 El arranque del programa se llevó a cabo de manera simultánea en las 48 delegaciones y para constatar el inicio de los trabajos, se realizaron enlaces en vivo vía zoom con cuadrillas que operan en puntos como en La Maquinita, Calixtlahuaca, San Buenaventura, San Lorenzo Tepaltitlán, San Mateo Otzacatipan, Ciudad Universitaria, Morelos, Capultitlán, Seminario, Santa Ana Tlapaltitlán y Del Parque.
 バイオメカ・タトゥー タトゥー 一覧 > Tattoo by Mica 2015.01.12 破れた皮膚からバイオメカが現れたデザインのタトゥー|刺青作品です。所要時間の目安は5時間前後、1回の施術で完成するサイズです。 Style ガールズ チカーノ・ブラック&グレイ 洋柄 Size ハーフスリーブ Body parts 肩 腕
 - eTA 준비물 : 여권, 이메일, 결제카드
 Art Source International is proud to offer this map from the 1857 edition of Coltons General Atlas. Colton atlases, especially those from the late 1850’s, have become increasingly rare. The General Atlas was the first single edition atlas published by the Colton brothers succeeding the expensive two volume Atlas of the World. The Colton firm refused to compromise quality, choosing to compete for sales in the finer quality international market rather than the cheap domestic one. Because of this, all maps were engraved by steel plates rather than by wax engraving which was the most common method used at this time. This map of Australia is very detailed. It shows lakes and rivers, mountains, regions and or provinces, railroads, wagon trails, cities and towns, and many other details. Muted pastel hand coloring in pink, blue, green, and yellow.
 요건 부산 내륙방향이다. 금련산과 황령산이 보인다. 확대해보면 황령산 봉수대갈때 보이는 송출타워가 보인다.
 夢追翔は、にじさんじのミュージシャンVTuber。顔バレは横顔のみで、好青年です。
***
[Exercise requirements]:
Give back the data exactly.

[Task answer]:
 El arranque del programa se llevó a cabo de manera simultánea en las 48 delegaciones y para constatar el inicio de los trabajos, se realizaron enlaces en vivo vía zoom con cuadrillas que operan en puntos como en La Maquinita, Calixtlahuaca, San Buenaventura, San Lorenzo Tepaltitlán, San Mateo Otzacatipan, Ciudad Universitaria, Morelos, Capultitlán, Seminario, Santa Ana Tlapaltitlán y Del Parque.
 バイオメカ・タトゥー タトゥー 一覧 > Tattoo by Mica 2015.01.12 破れた皮膚からバイオメカが現れたデザインのタトゥー|刺青作品です。所要時間の目安は5時間前後、1回の施術で完成するサイズです。 Style ガールズ チカーノ・ブラック&グレイ 洋柄 Size ハーフスリーブ Body parts 肩 腕
 - eTA 준비물 : 여권, 이메일, 결제카드
 Art Source International is proud to offer this map from the 1857 edition of Coltons General Atlas. Colton atlases, especially those from the late 1850’s, have become increasingly rare. The General Atlas was the first single edition atlas published by the Colton brothers succeeding the expensive two volume Atlas of the World. The Colton firm refused to compromise quality, choosing to compete for sales in the finer quality international market rather than the cheap domestic one. Because of this, all maps were engraved by steel plates rather than by wax engraving which was the most common method used at this time. This map of Australia is very detailed. It shows lakes and rivers, mountains, regions and or provinces, railroads, wagon trails, cities and towns, and many other details. Muted pastel hand coloring in pink, blue, green, and yellow.
 요건 부산 내륙방향이다. 금련산과 황령산이 보인다. 확대해보면 황령산 봉수대갈때 보이는 송출타워가 보인다.
 夢追翔は、にじさんじのミュージシャンVTuber。顔バレは横顔のみで、好青年です。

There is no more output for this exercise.